The second key innovation is that the routes to action are organized around changes in the ways people interact with land, rather than changes in the amount of carbon in different types of land cover. This involves a necessary focus on people living and working on the land, primarily farmers, ranchers, foresters, Indigenous people and local communities, and public land managers. The ability of these groups to steward land is supported by other groups of people who we call enabling actors: policymakers, the finance sector, businesses, and social movements.
This Roadmap is organized around the actions that connect these two groups of actors, resulting in changes on the ground – the Action Tracks. Action Tracks focus on the interventions in the stewardship of the world’s natural and working lands that will generate the greatest climate impact and are also the most likely to scale. Each of the eight Tracks, which are quantified in detail, focuses on a crucial part of the puzzle.
The third key innovation developed in this Roadmap is a series of mitigation trajectories resulting from implementation of the Action Tracks.
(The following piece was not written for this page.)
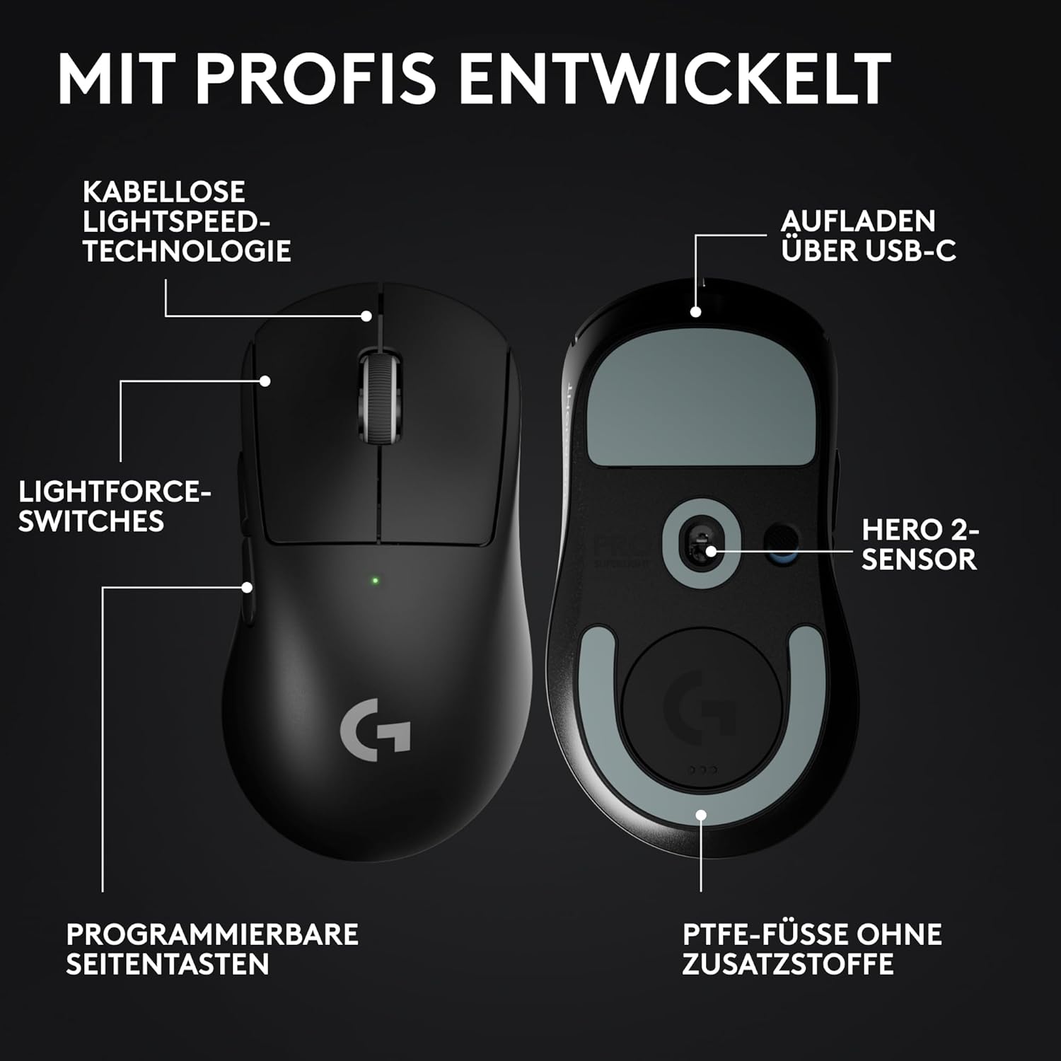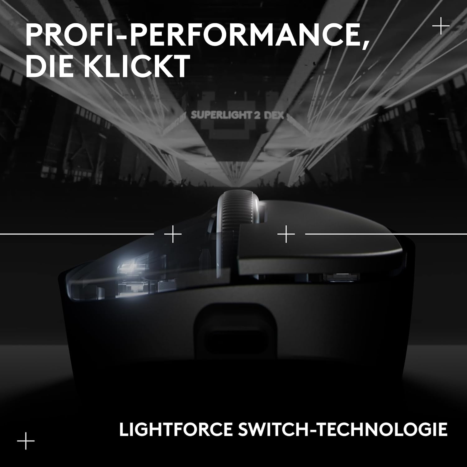 • Logitech PRO X SUPERLIGHT 2, нашата награждавана безжична мишка, сега е още по-добра от всякога: честота на семплиране 8 kHz, зареждане през USB-C, 95 часа живот на батерията и съвместимост с POWERPLAY при тегло от 60 g.

These trajectories show the pace of change required to meet the Carbon Law for Nature – and are in line with the science regarding the hierarchy of natural climate solutions.
Taken together, the eight Action Tracks deliver the necessary outcomes: protect natural systems that are most at risk from agricultural expansion and other threats, rapidly scale climate-smart management to shift working lands from an emissions source to a net carbon sink, and begin to restore natural ecosystems and contribute to the emergence of a new global restoration sector.